No Município de Macapá/AP o CAPS III e o CAPS-AD funcionam sob a coordenação do Estado, já o CAPS I e o Consultório na Rua (todos os programas, incluindo saúde mental), funcionam sob coordenação da Prefeitura. Em visita que realizei ao CAPS III, conversei com a coordenadora que referiu que o serviço não funciona realmente como deveria porque embora atenda pacientes com transtornos mentais graves, também atende pacientes com depressão, os quais, na realidade deveriam estar sendo atendidos na UBS. O horário de funcionamento é insuficiente apenas 12 horas (8:00 às 20:00hs), e ainda não estão habilitados perante o Ministério da Saúde (MS), foi informado está em fase de documentação. O serviço conta com 3.000 usuários cadastrados, existem oficinas diariamente específicas para cada tipo de transtorno mental, 2 leitos para os que necessitam fazer medicamentos, equipe multiprofissional composta por técnicos de enfermagem, Assistentes Sociais, Psicólogas e Psiquiatras (dois). Os pacientes que ficam 6 horas recebem duas refeições e 1 lanche. A demanda chega até o serviço através de encaminhamentos de outros serviços ou por demanda espontânea. É realizado o acolhimento e encaminhados para avaliação psiquiátrica para que haja a determinação se o usuário é realmente portador de transtorno mental grave.

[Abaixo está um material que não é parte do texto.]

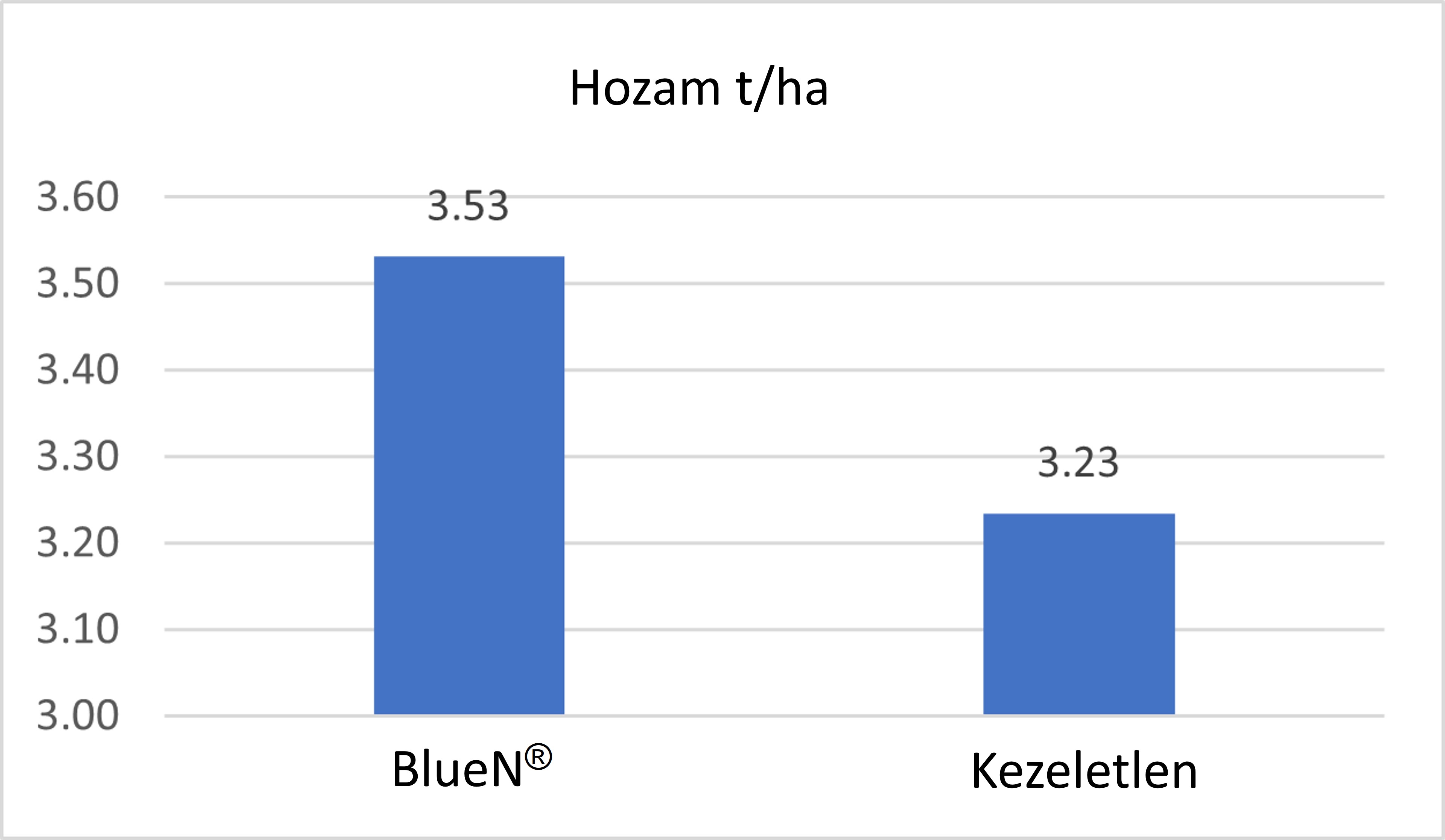 A Corteva BlueN® mikrobiológiai készítménye, amelyet Magyarországon tavaly ősszel engedélyeztek, a Methylobacterium symbioticum SB23 szelektált törzsét tartalmazza, amely képes a légköri nitrogén megkötésére. A kísérletben a kezelt növények fotoszintetikus aktivitása a SPAD (Soil Plant Analysis Development) index 3,7-es növekedését mutatta a kezeletlen parcellákhoz képest, ami pozitív hatást gyakorolt a növény növekedésére. A betakarított szemtermést tekintve a BlueN®-nel kezelt növények átlagosan 3530 kg/ha termést mutattak, ami 300 kg-mal több volt, mint a kezeletlen növényeknél.
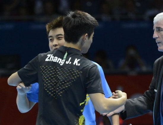 北京時間8月2日,倫敦奧運會乒乓球男單決賽剛剛結束,比賽在兩位中國選手之間進行,最終張繼科發揮更勝一籌,他以4-1擊敗王皓,首次參加奧運會就取得了男單金牌。張繼科去年曾經連續獲得世乒賽和世界杯的男單冠軍,這樣他就成了中國男乒歷史上繼劉國梁和孔令輝之后第三位大滿貫選手!這也是中國代表團在本屆奧運會上獲得的第18枚金牌。(專題推薦:魯能球員閃耀倫敦)

Na visita ao CAPSI, fui recebida pelo psicólogo que atua no serviço, referindo ser a demanda de caráter espontâneo ou através de encaminhamentos da UBS ou da justiça, em se tratando de menor infrator. O menor faz um acolhimento com um membro da equipe multiprofissional rotativamente composta pelo psicólogo, terapeuta ocupacional, assistente social, educador social, enfermeira, farmacêutico e o médico psiquiatra. São oferecidos lanches de acordo com a necessidade do tempo de permanência do usuário. O atendimento de usuários residentes de outro município é realizado em conjunto com o psicólogo da localidade através de referência e contra referência. Não há leitos e em caso de urgência o usuário é encaminhado ao Pronto Atendimento Infantil (PAI). Existem atualmente 4.541 usuários cadastrados com período de funcionamento de 8 horas por dia de segunda a sexta-feira. O NASF funciona rotativamente em relação às UBS de nosso município e na minha unidade ocorre toda quinta-feira. Nos intervalos são agendadas as demandas pelas ESF identificadas pelos membros da equipe e o usuário é encaminhado à sala de Educação em Saúde da UBS para que seja feito seu agendamento. O atendimento é registrado em prontuário único do usuário.
Referências
CORREIA, V. R.; BARROS, S.; COLVERO, L. A.; Saúde Mental na Atenção Básica: Prática da Equipe de saúde da Família. Rev. Esc. Enferm USP, 2011; 45 (6): 1501 – 6;
MOLINER, J.; LOPES, S. M. B.; Saúde Mental na Atenção Básica: Possibilidades para uma Prática Voltada para a Ampliação e Integralidade da Saúde Mental. Saúde Soc. São Paulo, v. 22, n. 4, p. 1072 – 1083, 2013;
POÇO, J. L. C.; A Inserção da Saúde Mental na atenção Primária à Saúde em um Sistema de referência e contra – referência – O Caso da UBS Paulo Roberto Spawen – SUS/Juiz de Fora, 2005.